# Career break and give tax credits to husband?



## gingernutter (12 Jun 2013)

Hi,
I’m looking for a bit of tax advice.  My situation is as follows:
I currently work full time (public sector), salary €65k per yr. 
My husband also works full time (private sector), salary €64k per yr.  
We have one son who is in crèche (€850 p mth) and are expecting twins at the end of the yr.  Trying to decide if we’d be better off if I was to take a year’s career break and have no childcare costs for the yr.   I would then transfer my tax credits to my husband.  Does anyone know what his net take home pay would be if we were to do this? He currently takes home approx. €3,200 per mth. 
We don’t receive any rent allowances or credits or anything like that.  
I'd appreciate any advice!


----------



## PolkaDot (12 Jun 2013)

Assuming you bother currently equally share your tax credits and tax rate cut off bands, you could assign €9,000 of your cut off band to your husband. This would mean he would be able to earn an extra €9,000 before he starts paying 41% PAYE.

This works out as €9,000 x 0.21 = €1,890 p.a. or €157.50 extra per month.

You can also give him €1,650 of your annual tax credits. This would mean he would pay €137.50 less tax per month.

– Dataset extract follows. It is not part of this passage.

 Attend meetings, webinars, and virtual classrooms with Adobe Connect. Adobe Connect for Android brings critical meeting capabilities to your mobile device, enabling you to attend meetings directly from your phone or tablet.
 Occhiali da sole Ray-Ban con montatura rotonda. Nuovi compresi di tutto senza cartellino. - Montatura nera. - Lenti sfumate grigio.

Total increase in his net pay, approx €295 per month. There may be other credits or factors based on your own personal circumstances.

Loads of info here:
http://www.revenue.ie/en/tax/it/credits/married-persons-taxation.html


----------



## guerngirl (12 Jun 2013)

Hi similar situation with slightly different figures. I earn 60k husband earns 110000k. What would his monthly take home pay be if I allocated all credits to him and no longer worked (childcare issues also) ?

Thanks.


----------



## Shirazman (14 Jun 2013)

guerngirl said:


> Hi similar situation with slightly different figures. I earn 60k husband earns 110000k. What would his monthly take home pay be if I allocated all credits to him and no longer worked (childcare issues also) ?
> 
> Thanks.



Assuming that you both currently equally share your tax credits and the tax rate cut off band, then you could assign your unused personal tax credit and the unused portion of your standard rate cut off band to your husband.  This would mean that an additional €1,740 approx of his monthly salary would be taxed at the lower (20%) tax rate.   The tax saving on this would be about €365 monthly and the value to him of your unused personal tax credit is €137.50 per month.  So I reckon that he'd be bringing home an extra €500 per month.   

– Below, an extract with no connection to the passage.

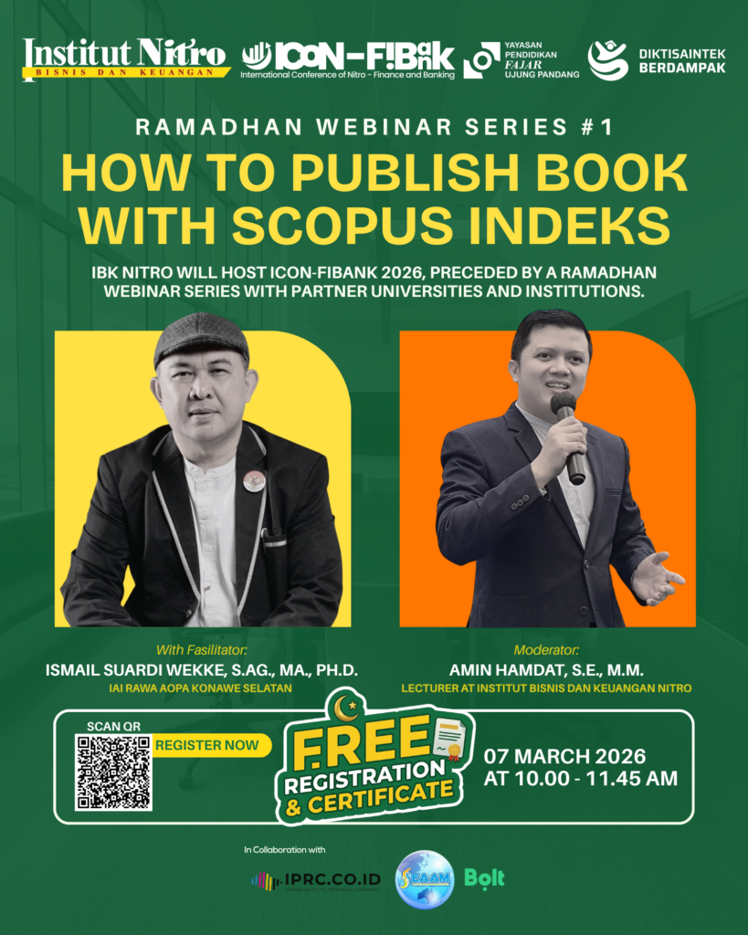 Mengisi bulan suci dengan produktivitas akademik, Institut Bisnis dan Keuangan (IBK) NITRO bersama mitra perguruan tinggi dan institusi kolaboratif resmi memulai rangkaian Road to ICon-FiBank 2026 melalui gelaran Ramadhan Webinar Series #1. Pada seri perdana ini, webinar mengangkat topik yang sangat dinantikan oleh kalangan akademisi, yaitu “How to Publish Book with Scopus Index”.

Please note the assumptions behind these calculations - you'll need to check your your 2013 Tax Credit Certs to confirm how the pair of you have allocated your tax credits and rate bands.

[Finally, note that at year-end you will be able to claim a tax refund in respect of the unused portion of  your PAYE credit (which you cannot allocate to him) - this will be worth €137.50 to you for each month when you weren't working.]

Remember the easiest way to adjust the allocation of your tax credits and bands between the pair of you is through Revenue's excellent PAYE Anytime system.


----------